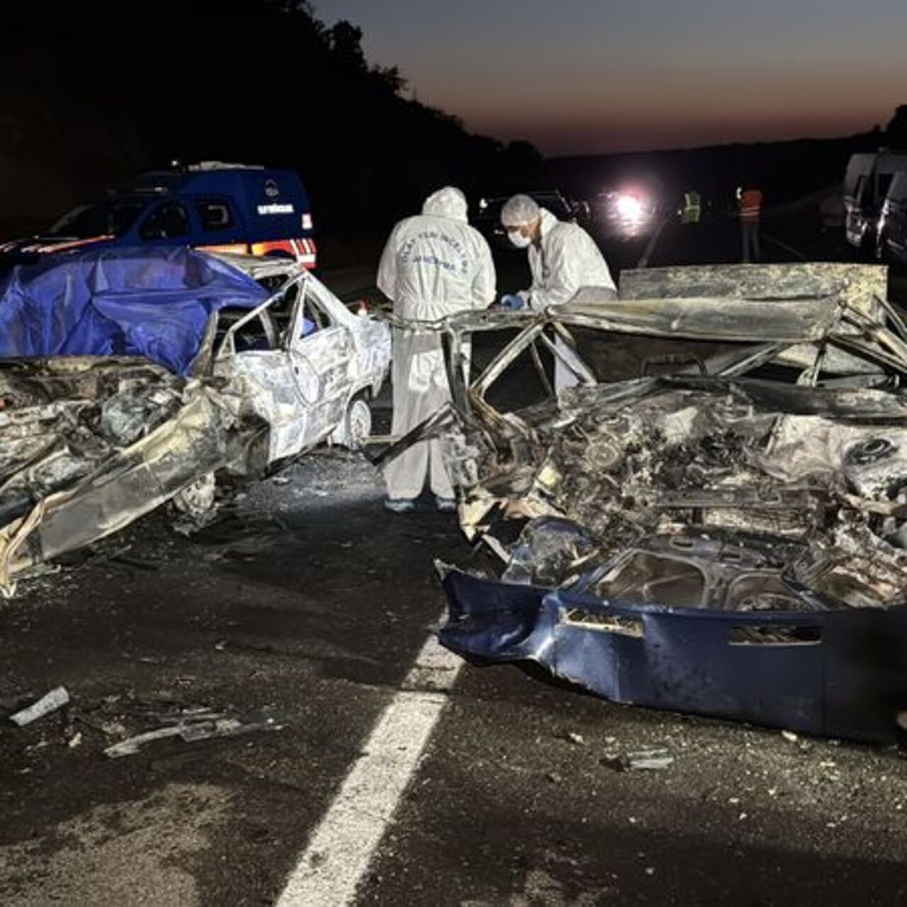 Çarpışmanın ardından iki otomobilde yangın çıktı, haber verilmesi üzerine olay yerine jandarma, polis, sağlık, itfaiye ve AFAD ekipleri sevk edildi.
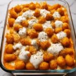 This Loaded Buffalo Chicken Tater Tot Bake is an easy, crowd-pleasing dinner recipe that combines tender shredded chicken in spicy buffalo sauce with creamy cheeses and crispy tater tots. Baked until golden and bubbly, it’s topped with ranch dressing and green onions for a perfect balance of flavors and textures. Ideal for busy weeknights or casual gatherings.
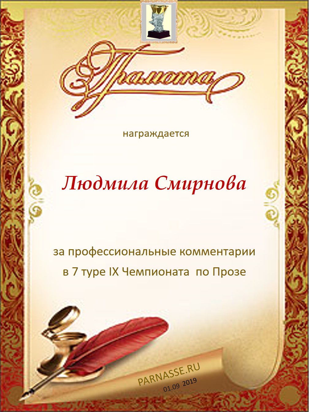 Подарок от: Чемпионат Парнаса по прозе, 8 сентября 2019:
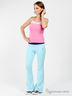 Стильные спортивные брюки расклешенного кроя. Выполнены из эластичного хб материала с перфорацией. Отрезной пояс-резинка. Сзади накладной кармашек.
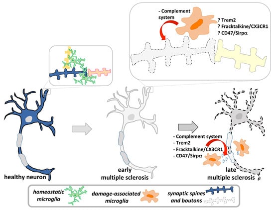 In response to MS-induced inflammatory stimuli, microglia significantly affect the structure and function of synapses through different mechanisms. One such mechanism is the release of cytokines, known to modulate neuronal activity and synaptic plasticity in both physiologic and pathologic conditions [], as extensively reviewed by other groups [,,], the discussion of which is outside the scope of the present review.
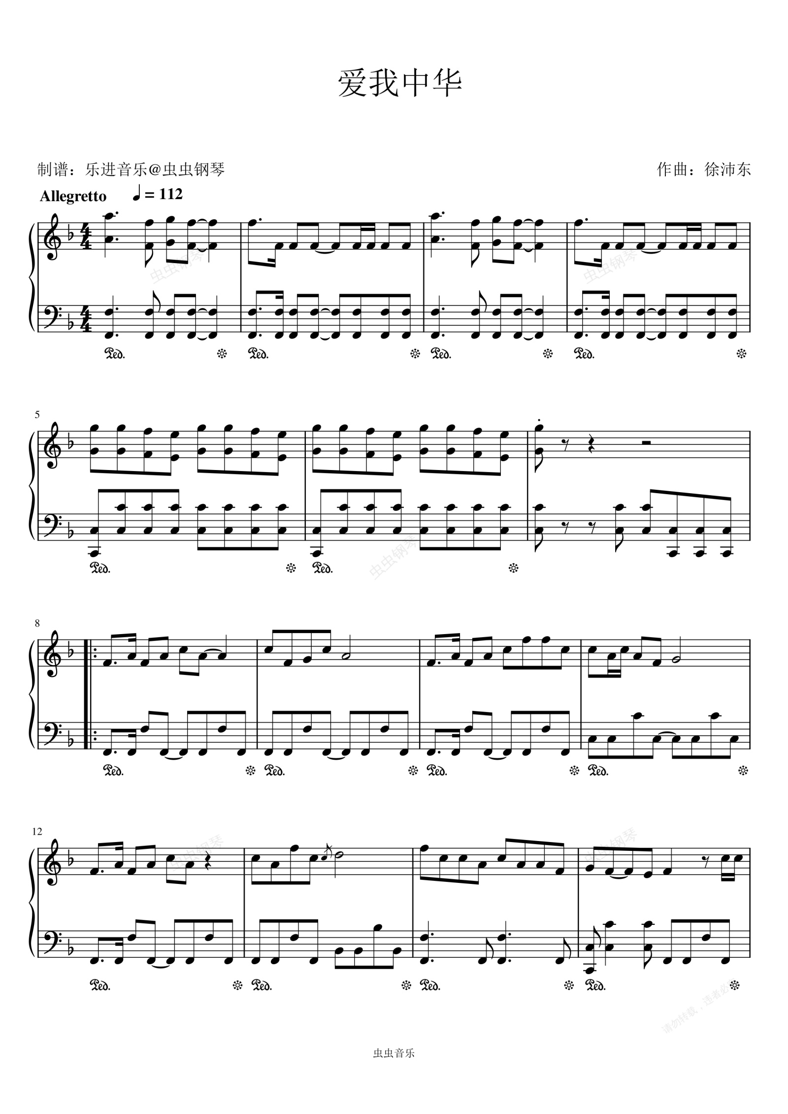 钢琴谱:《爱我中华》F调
········
* Task to complete *
Now repeat exactly the lines from the one with "Стильные спортивные брюки" through the end of the listing above, both included, omitting all pictures.

* Answer area *
 Стильные спортивные брюки расклешенного кроя. Выполнены из эластичного хб материала с перфорацией. Отрезной пояс-резинка. Сзади накладной кармашек.
 In response to MS-induced inflammatory stimuli, microglia significantly affect the structure and function of synapses through different mechanisms. One such mechanism is the release of cytokines, known to modulate neuronal activity and synaptic plasticity in both physiologic and pathologic conditions [], as extensively reviewed by other groups [,,], the discussion of which is outside the scope of the present review.
 钢琴谱:《爱我中华》F调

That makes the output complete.